Well, something happened to my control and reserve while I lobbied February 8th on Capitol Hill.  I did not cry.  As Gerry Haines, my dear fellow volunteer, put it, “Patti, you did not cry.  You sobbed.”   It was only upon reflection later that day that I realized where my sobbing came from.   I have always felt I express myself best by writing.   People tell me they like what I write.  Writing is therapeutic for me as well.

Verbally expressing two incidents relating to PD to Senator Arlen Specter’s Legislative Aide brought on my sobbing.  I find it interesting that one incident was soon after I was diagnosed and the other just happened in January. 

After I was diagnosed I felt such rage that I almost trashed my condo.  I do not recall what was in my hand that I was set to hurl across the room.   What I do remember is that something inside me stopped me from doing so.   And the rational part of my brain that was still working made me ask myself, “Patti, do you really want to patch up the walls and paint all over again?”

Somehow through my sobbing I also told the aide of the incident in January.   It was a snowy Saturday morning and only 9° outside.   I had to pick up from church sandwiches that I had ordered.  I could have waited until Sunday.   But the sandwiches were not the issue.

I still try to prove to myself that I can do things.   I am hanging on to my independence.   So even though my meds were not totally “on”, I went outside and down the seven steps from my condo.  I find even when  I cannot walk well,  I can do steps either up or down.   I guess it is the visual thing.   The steps give me momentum. 

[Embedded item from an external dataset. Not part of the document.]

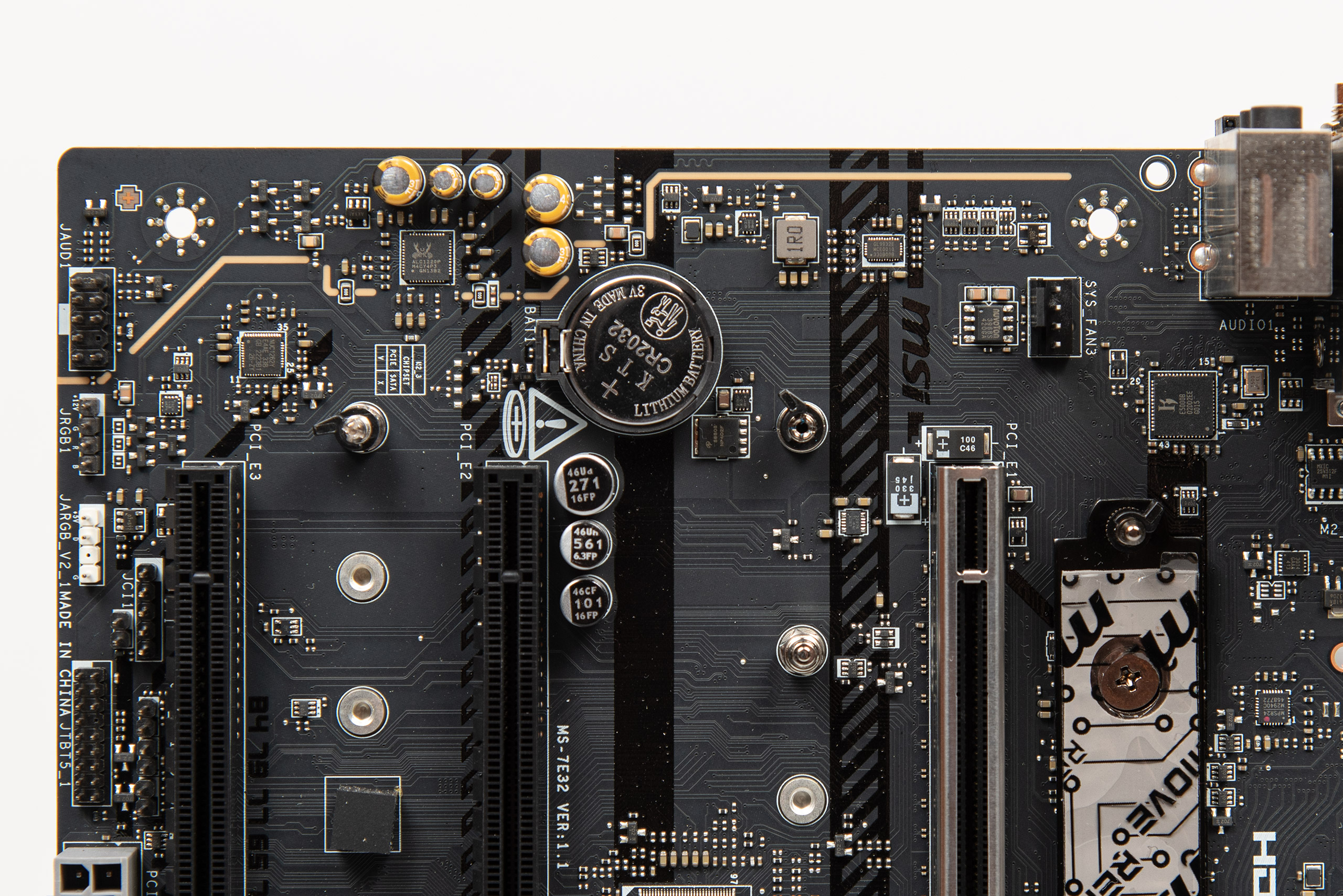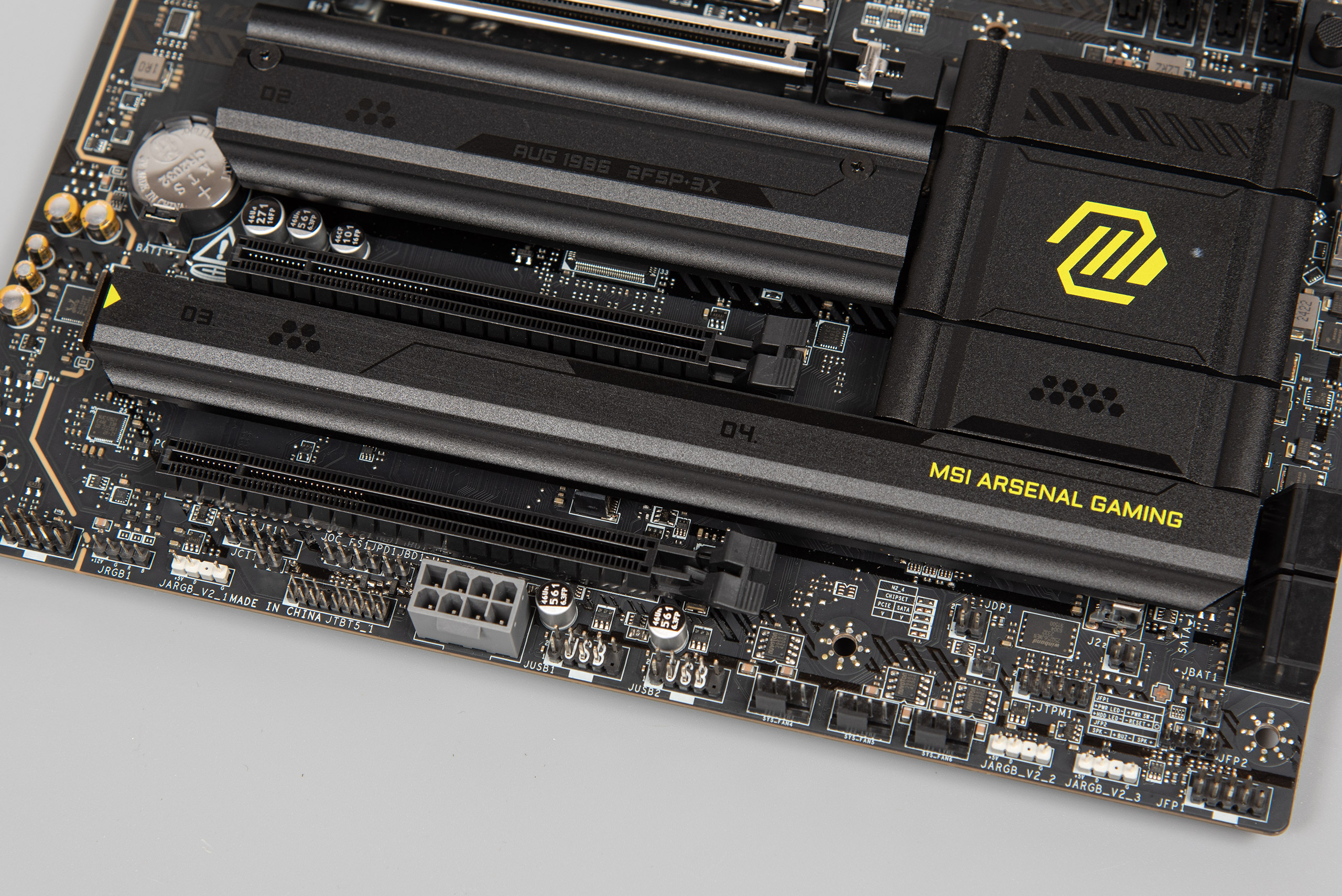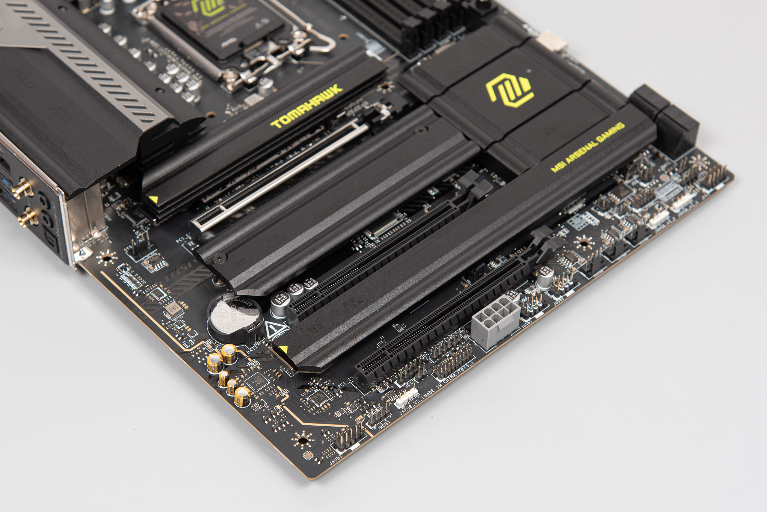 Тепер перейдемо до контактних груп й інших елементів на текстоліті. Біля зони I/O присутній роз’єм вентилятора, а біля другого слота розширення PCIe знаходиться CMOS-батарейка. Вона збереже пряму доступність, якщо використовується відеокарта не вище двох слотів. Знизу ліворуч розташовано контактну групу HD_AUDIO, конектор JRGB1 й JARGB_V2 (RGB 12 V й 5 V), контактну групу JTBT5 (для підключення карти розширення Thunderbolt), конектор живлення PCIe (для роботи більших напруг і струму USB Type‑C), дві контактні групи USB 2.0, датчик відкриття шасі, а також джампер форсування функції Safe Boot.

Well, halfway to my car, (I had parked further away from my condo, once again trying to prove something to myself.) my momentum was gone and I froze.   It took ten minutes to make it to my car.  It should have taken  ten seconds.   I drove my car to a parking space closer to my condo and called Linda, my sister, on my cell phone.

The cold air had really made my muscles contract and I could hardly move.   Linda lives only two blocks away from me.  She told me to stay put; she would be right over.   So I got out of my car and headed toward my condo.  After all, it was only yards away from me.   My cane and I just froze.

Shortly before Linda arrived, one of my neighbors, Chuck, pulled up in his car.  With Chuck on one side of me and Linda on the other,  I just sobbed.   No British reserve anywhere in sight.  When I reached the steps leading up to my condo, I just flew right up the stairs.   Chuck, who by then was behind me, could only exclaim, “WOW!”

I thought if only my world revolved around steps, I would be doing fine.   But my world does not revolve around steps.  My world revolves around all the people with PAN and I am doing great.